Pat is already up and about; I can smell the coffee brewing. I walk into the kitchen, and he gives me a morning hug.
“Guess what?” he says. I can’t quite read the look on his face, but something momentous has occurred.
“What?” I ask, holding my breath.
“Ben was arrested last night.”
I tighten both fists, raise them in the air, and offer a small shout of gratitude. “YES!” Pat is smiling, too, because here is the answer to our prayers. What was hidden is no longer concealed. What was unspoken—better left unsaid—is out in the open. No more secrets. Best of all, Pat and I now have unlikely allies in the law—Ben will be held accountable for his actions by individuals and institutions who wield both power and authority. This is the break we’ve been waiting for. It feels as if we’ve won some kind of lottery. The Police-Finally-Arrested-Our-Son Sweepstakes. How could we ever have dreamed that this moment would be a cause for celebration? How could we ever have imagined that this would be a scene in the script of our lives?

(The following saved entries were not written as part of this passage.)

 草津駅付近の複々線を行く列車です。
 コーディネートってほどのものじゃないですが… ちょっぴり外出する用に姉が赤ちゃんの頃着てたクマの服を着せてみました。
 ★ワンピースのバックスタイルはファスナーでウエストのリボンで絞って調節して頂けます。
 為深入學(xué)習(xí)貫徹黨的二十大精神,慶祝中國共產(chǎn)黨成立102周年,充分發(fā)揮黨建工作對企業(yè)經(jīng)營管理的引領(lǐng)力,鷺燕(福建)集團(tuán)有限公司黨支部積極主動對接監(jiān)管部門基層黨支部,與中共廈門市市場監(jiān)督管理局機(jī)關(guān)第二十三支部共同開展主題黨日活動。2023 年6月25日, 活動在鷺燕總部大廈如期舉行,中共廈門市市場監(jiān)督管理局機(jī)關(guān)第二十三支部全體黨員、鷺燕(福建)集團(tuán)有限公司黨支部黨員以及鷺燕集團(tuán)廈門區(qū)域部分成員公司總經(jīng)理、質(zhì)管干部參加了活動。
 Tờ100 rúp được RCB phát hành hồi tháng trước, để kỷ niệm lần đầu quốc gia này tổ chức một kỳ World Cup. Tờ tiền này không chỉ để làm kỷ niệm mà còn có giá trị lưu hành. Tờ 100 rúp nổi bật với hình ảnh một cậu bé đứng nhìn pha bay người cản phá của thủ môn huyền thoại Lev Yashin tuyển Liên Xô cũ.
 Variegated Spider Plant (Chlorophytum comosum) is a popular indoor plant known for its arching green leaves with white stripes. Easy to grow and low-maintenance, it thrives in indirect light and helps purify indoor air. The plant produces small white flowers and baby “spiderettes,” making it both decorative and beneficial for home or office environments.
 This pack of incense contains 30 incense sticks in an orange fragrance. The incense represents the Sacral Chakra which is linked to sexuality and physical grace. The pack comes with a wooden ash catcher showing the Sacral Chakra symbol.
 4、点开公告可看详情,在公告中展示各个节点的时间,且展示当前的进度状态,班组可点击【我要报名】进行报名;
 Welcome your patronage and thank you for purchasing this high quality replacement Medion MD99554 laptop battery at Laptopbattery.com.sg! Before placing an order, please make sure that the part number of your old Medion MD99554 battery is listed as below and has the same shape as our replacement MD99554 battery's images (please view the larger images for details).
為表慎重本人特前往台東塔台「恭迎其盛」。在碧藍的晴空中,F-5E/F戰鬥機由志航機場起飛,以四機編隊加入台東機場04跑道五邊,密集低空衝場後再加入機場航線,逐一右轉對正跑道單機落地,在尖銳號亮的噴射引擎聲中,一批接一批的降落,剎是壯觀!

In the next moment, I feel that old push and pull between my personal and professional lives, asking myself what kind of mother I am, what kind of human being I am. The paradox of me strikes deep. I dream about talking to my roses, apologizing for my negligence, and in the next moment, I’m celebrating my son’s arrest on a drug charge. I wonder if the two are connected. Do I talk to my roses because I can’t talk to my son? Or do I neglect my roses because I spend too much time worrying about Ben?
We learn the details later that day. Ben was arrested at a party on a minor in possession/consumption (MIP/MIC) charge. When he mouthed off to the police, he was handcuffed and charged with obstructing a law enforcement officer.

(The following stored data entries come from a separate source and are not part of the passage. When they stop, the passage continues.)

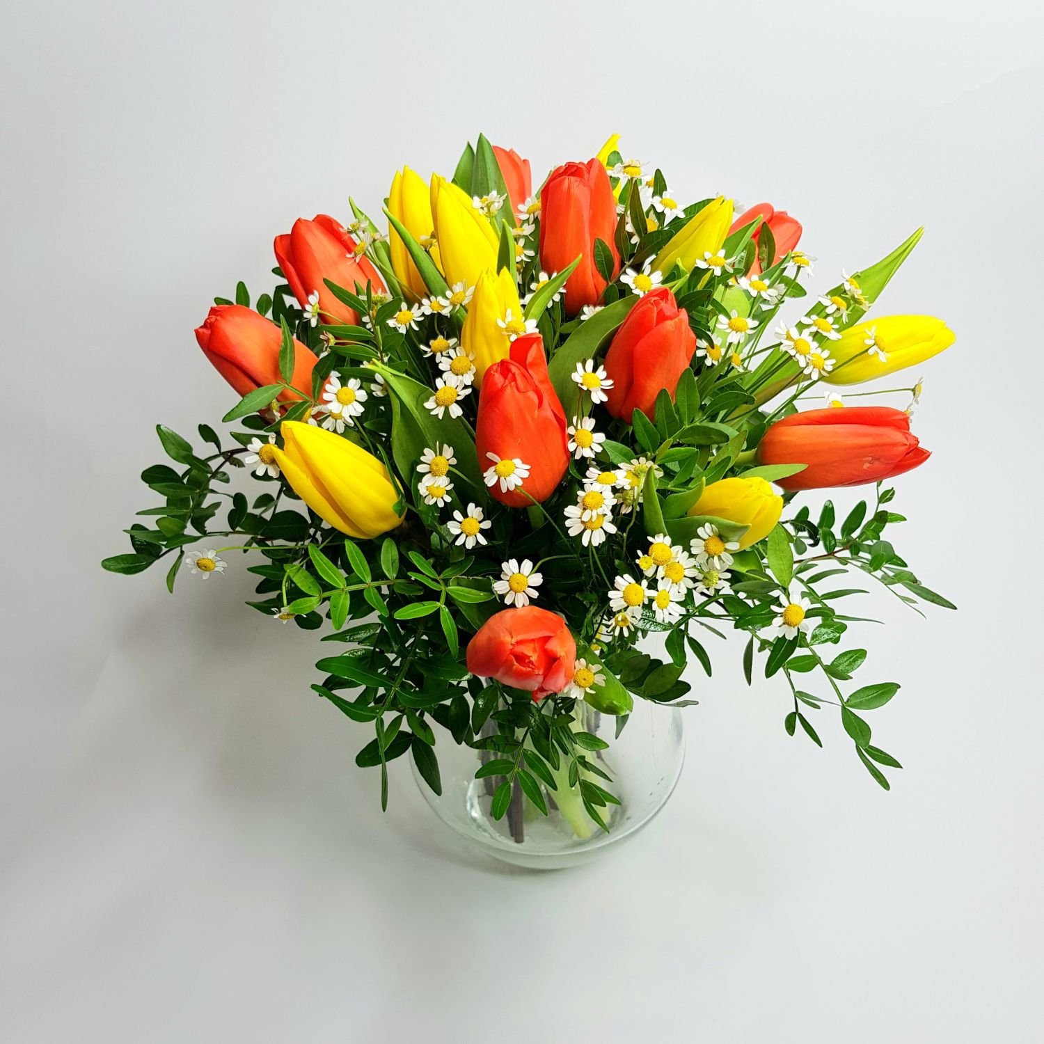 Dárková kytice Hermína je tvořena ze žlutých a oranžových tulipánů, které jsou doplněné heřmánkem a zelení.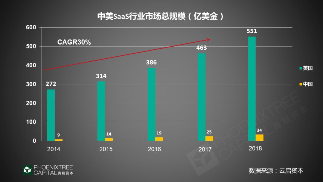 另外,来自安信证券《风起云涌看 SaaS——中国 SaaS 行业有望迎来跨越式发展》报告也指出,国内 SaaS 行业整体发展落后美国 10 年左右。国内SaaS市场预期与发展模式,一直以来参照美国SaaS市场。必须看到,美国SaaS 产业已进入成熟期,才逐渐出现了Salesforce、Workday等巨头。中国SaaS厂商,面临独特的国内市场环境,移动化的普及、电商的发展等机遇,无疑将在本土化方面有更大的发展空间。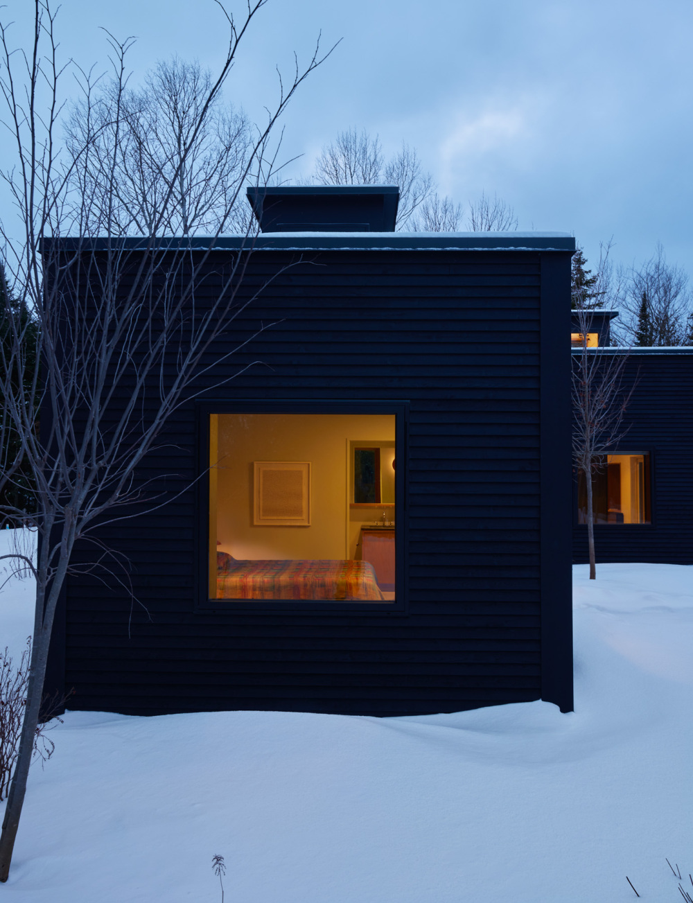 在密歇根湖的粼粼波光与葱郁针叶林之间,五座木质亭楼度假屋设计以错落的姿态铺展于场地之上,构成了这座兼具解构主义锋芒与北欧温情的湖滨别墅。由安·安·安设计事务所(And And And Studio)与萨尔梅拉建筑事务所(Salmela Architect)联手打造的作品,既是对业主“独立功能与景观融合”需求的精准落地,更是一场“建筑解构之形”与“室内温暖之质”的完美对话——斯堪的纳维亚风格的简约精致,经由橡木的温润、蓝绿的静谧与书架的框景巧思,将密歇根湖的壮阔与业主的生活愿景,织入每一处空间肌理。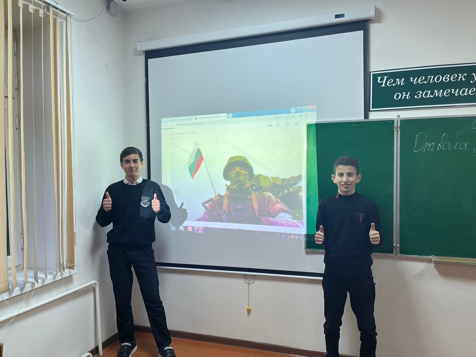 20.02.2023Классный руководитель Цуцаева Лалита Бислановна провела классный час в 8а классе на тему: "Героизм, мужество и отвага", посвященный участникам специальной военной операции, проявившим отвагу, мужество и героизм.

Because it’s his second arrest, with the first back in seventh grade and still on his record, he will go through the diversion program a second time, which requires that he complete a drug evaluation with a chemical dependency counselor, complete twenty hours of community service, attend the DUI victim’s panel again, pay fines, write apology letters, and follow all treatment recommendations.
Ben is lucky. He’s still a juvenile, with just eight days left before he turns eighteen. If he’d been arrested after his birthday, his case would have been processed through district court; if convicted, he would have had a criminal conviction that would become part of the public record—in essence, a sentence for life.
Several weeks later, we receive the chemical dependency evaluation.
Chemical Dependency/Mental Health Evaluation
Identifying data/current status: Ben is an 18-year-old Caucasian male who is currently a senior in high school. He lives at home with his parents. He has two older sisters who are in college, but home for the summer. This is Ben’s 2nd MIP/MIC. The first was while in the 7th grade.
Referral source: Juvenile Justice Center, the Diversion Program.
Client’s statement of the problem: “Alcohol isn’t really a problem for me. My using marijuana wasn’t a problem. My grades have gone up. It hasn’t really affected me. My priorities are to get into a good college. I get my homework done before I use. I’m excited to see what the next few months will be like not using.”
Mental Status: No hallucinations, illusions, or delusions. Mood and affect are appropriate. Thought content is within normal limits. He is dressed and groomed appropriately. He appeared open and honest. Denies suicidal thoughts or attempts.
Substance Use:
•History: Ben states he had his first drink at the age of 12. He reports his last drink as being about three weeks ago. He reports that over the last year he drinks on average four times a month. It takes 5–6 drinks to feel buzzed/drunk. Marijuana use began in the 7th grade. He reports using almost daily for the last year. He has experimented with a couple other drugs, but only used a couple times.